◆ Data records:
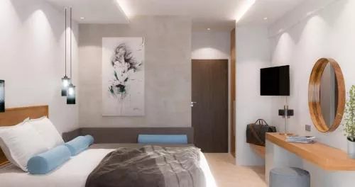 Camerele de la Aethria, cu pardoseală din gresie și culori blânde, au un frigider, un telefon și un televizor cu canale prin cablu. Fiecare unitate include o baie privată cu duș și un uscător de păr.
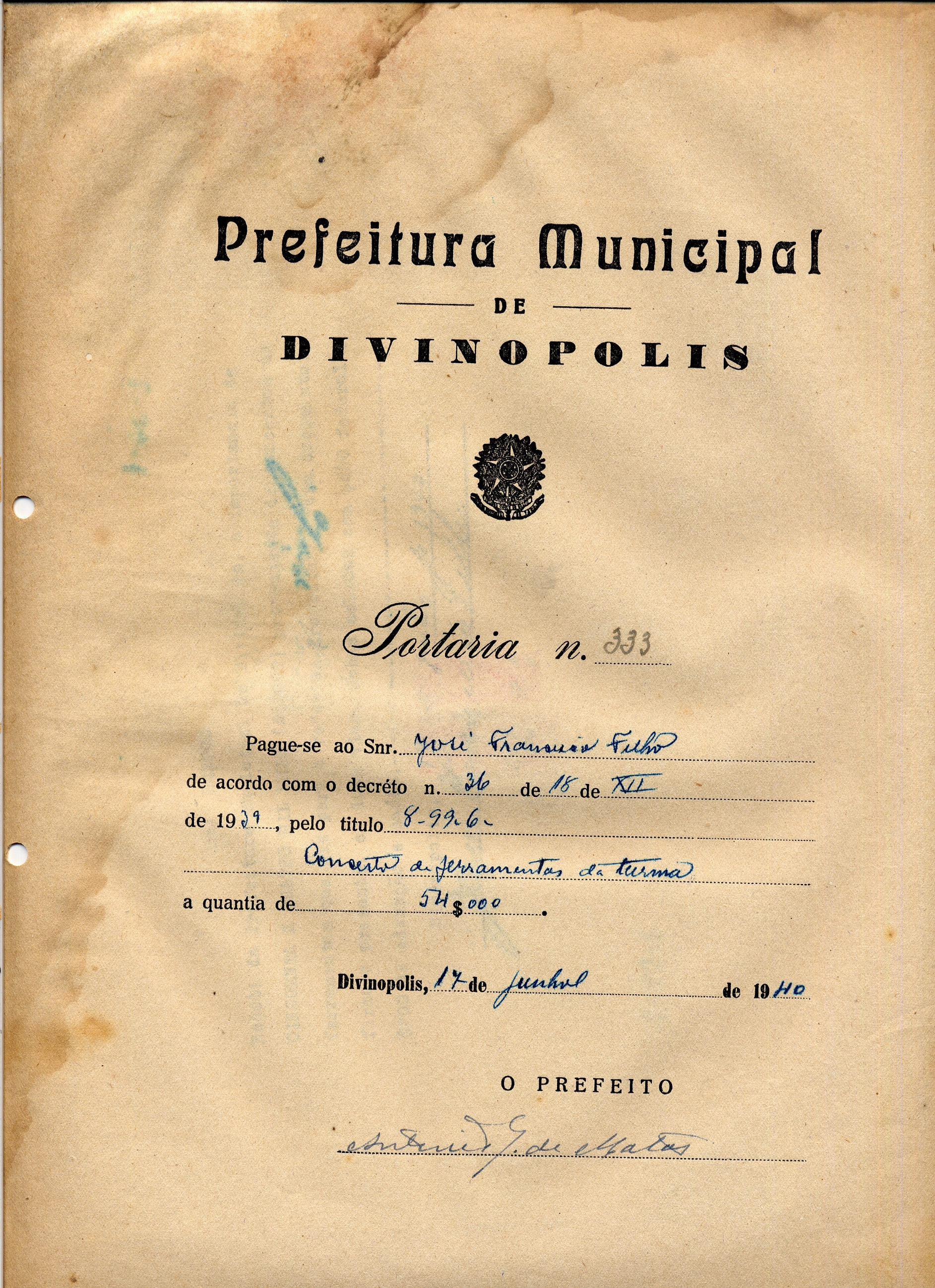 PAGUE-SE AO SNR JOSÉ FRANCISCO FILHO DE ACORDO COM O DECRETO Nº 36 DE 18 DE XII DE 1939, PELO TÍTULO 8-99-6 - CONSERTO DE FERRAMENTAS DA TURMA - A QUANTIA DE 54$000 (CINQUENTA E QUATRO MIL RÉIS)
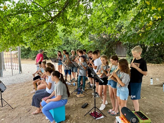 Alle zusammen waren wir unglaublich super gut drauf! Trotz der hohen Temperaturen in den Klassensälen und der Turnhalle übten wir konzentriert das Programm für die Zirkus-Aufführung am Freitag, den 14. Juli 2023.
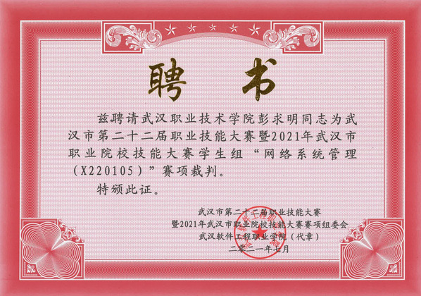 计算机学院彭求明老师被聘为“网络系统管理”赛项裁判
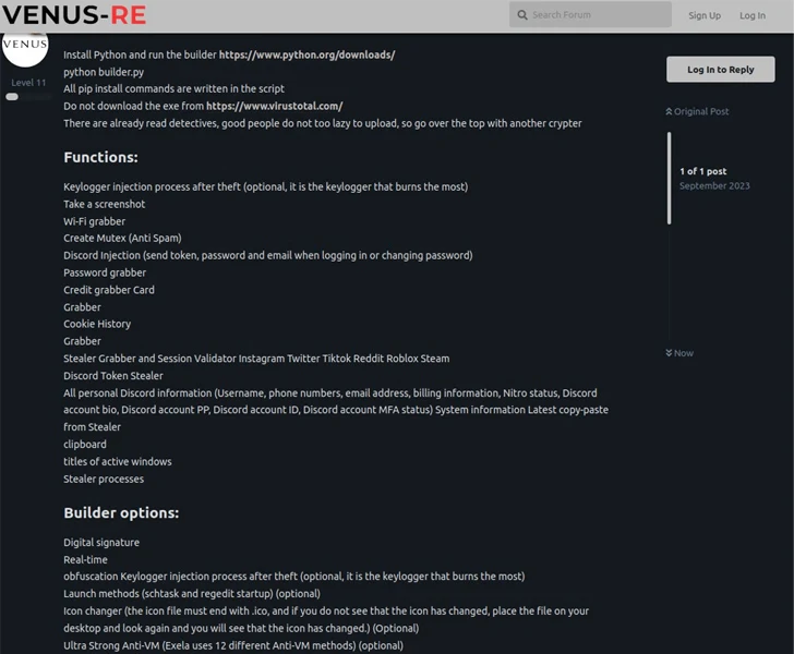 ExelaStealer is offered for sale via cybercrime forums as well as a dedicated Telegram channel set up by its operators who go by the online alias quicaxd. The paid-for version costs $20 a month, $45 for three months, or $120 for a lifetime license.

◆ Description of the task: The line containing "PAGUE-SE AO SNR" and every line after it, through the end of the data, are to be output exactly. Omit the pictures.

◆ Answer box:
 PAGUE-SE AO SNR JOSÉ FRANCISCO FILHO DE ACORDO COM O DECRETO Nº 36 DE 18 DE XII DE 1939, PELO TÍTULO 8-99-6 - CONSERTO DE FERRAMENTAS DA TURMA - A QUANTIA DE 54$000 (CINQUENTA E QUATRO MIL RÉIS)
 Alle zusammen waren wir unglaublich super gut drauf! Trotz der hohen Temperaturen in den Klassensälen und der Turnhalle übten wir konzentriert das Programm für die Zirkus-Aufführung am Freitag, den 14. Juli 2023.
 计算机学院彭求明老师被聘为“网络系统管理”赛项裁判
 ExelaStealer is offered for sale via cybercrime forums as well as a dedicated Telegram channel set up by its operators who go by the online alias quicaxd. The paid-for version costs $20 a month, $45 for three months, or $120 for a lifetime license.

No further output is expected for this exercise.